:: Problem details ::
If pictures appear among the lines below, leave them out while you return exactly the lines from the one with "截至11点16分,中际旭创股" through the one with "Community News Vietnam".

:: Data records ::
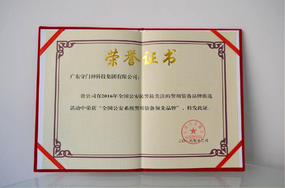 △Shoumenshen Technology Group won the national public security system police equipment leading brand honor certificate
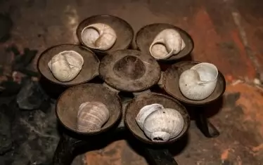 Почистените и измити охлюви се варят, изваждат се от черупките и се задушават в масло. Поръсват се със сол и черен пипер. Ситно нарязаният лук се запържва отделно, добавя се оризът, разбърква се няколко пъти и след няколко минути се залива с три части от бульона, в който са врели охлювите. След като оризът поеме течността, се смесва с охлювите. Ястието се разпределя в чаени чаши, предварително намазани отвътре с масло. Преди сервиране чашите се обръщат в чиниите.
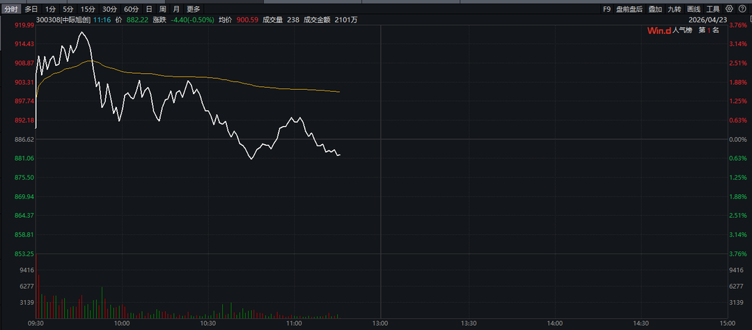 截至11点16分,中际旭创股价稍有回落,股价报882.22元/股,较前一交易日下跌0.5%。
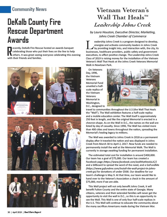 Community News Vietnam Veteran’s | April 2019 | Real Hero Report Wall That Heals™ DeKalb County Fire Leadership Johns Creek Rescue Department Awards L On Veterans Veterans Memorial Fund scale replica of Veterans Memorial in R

---

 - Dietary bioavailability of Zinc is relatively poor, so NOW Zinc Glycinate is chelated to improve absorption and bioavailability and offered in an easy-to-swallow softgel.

==

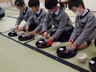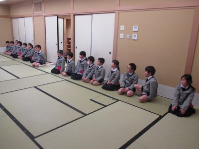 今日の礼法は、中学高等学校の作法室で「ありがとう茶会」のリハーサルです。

:: Solution for this problem ::
 截至11点16分,中际旭创股价稍有回落,股价报882.22元/股,较前一交易日下跌0.5%。
 Community News Vietnam Veteran’s | April 2019 | Real Hero Report Wall That Heals™ DeKalb County Fire Leadership Johns Creek Rescue Department Awards L On Veterans Veterans Memorial Fund scale replica of Veterans Memorial in R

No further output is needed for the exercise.